Skip to main content

Using the VRAM Model Cache Tool

The WoolyAI GPU VRAM Model Cache (GPU VRAM DeDup feature) CLI is a tool that allows you to cache models on the WoolyAI Server's GPU VRAM, so that any WoolyAI Client kernel executions that load the identical models can share the cached model. This eliminates duplicate consumption of GPU VRAM for identical models, making it available to load more models and execute more jobs.

Prerequisites​

  • A WoolyAI Server
  • Python installed on the WoolyAI Server host machine

Setup​

  1. Download the latest version of the Model Cacher from the WoolyAI Downloads.
  2. Install the wheel file using pip install <path to the wheel file>.

Usage​

The model cacher may need to be modified to match the model you are trying to cache.
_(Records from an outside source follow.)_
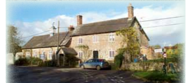
The Old School
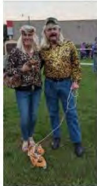
Halloween Dance - something to do with Sigas.
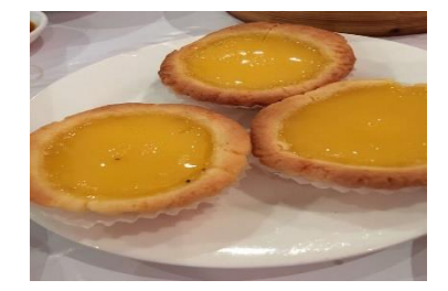
Figure 21(d). Daahn taat.
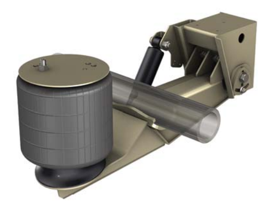
Available in 5½" ride height with 6" pivot height to minimize wheel hop with 17½" tires!

Patented contoured axle seat Shear-type pivot bolt
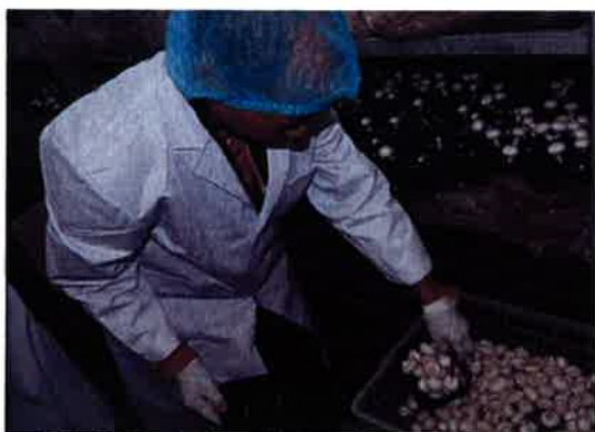
Work Training (Organic Mushroom Growing) 工作訓練 (有機蘑菇種植)

工作訓練—露宿者自立支援計劃讓露宿朋友參與及生產可銷售的產品。 中心使用者參與社區服務—我們鼓勵中心使用者參與各種義工服務。 例如：賣旗、嘉年華會和其他服務社區活動。
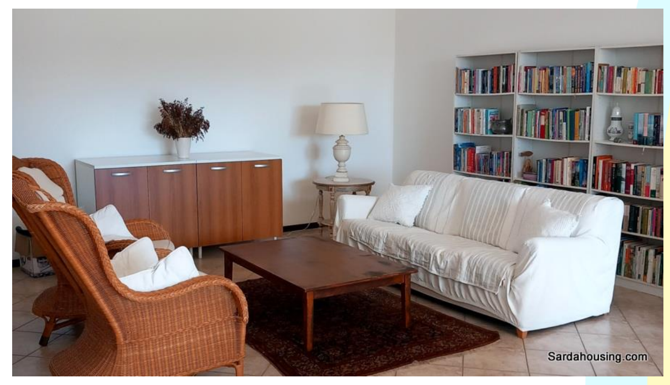
7 - Villa Nuxedda – Maracalagonis countryside – living room
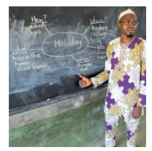
When? Ask what happens on the first morning of school, eg: get up early, pack the school bag.

This is done post-install, under the ~/.local/lib/python3.10/site-packages/woolyai_model_cacher/cli.py (path may vary).

def compute_hashes_from_source(source: str, dtype_name: Optional[str]) -> list[str]:
import torch

torch_dtype = _resolve_torch_dtype(dtype_name)
kwargs = {"torch_dtype": torch_dtype} if torch_dtype is not None else {}
model = AutoModelForCausalLM.from_pretrained(source, **kwargs)
$ woolyai-vram-model-cache --help
usage: woolyai-vram-model-cache [-h] [--root ROOT] {list,add,delete} ...

Manage per-model chunk SHA1 hashes for WoolyAI models.

positional arguments:
{list,add,delete}
list list models and number of hashes
add compute & store hashes (overwrites)
delete delete whole model file or all models

options:
-h, --help show this help message and exit
--root ROOT override storage dir (e.g. ./.wooly/shared_mem or
/etc/wooly/shared_mem)

List cached models​

woolyai-vram-model-cache list

Add a model (compute and store hashes)​

woolyai-vram-model-cache add --source <huggingface-model-id-or-local-path>
woolyai-vram-model-cache add --source meta-llama/Llama-2-7b-hf --dtype float16

Delete a cached model​

woolyai-vram-model-cache delete --model <model-name>
woolyai-vram-model-cache delete --all # delete all cached models

Specify a custom location for the model cache​

woolyai-vram-model-cache --root <custom-root-directory> add --source <huggingface-model-id-or-local-path>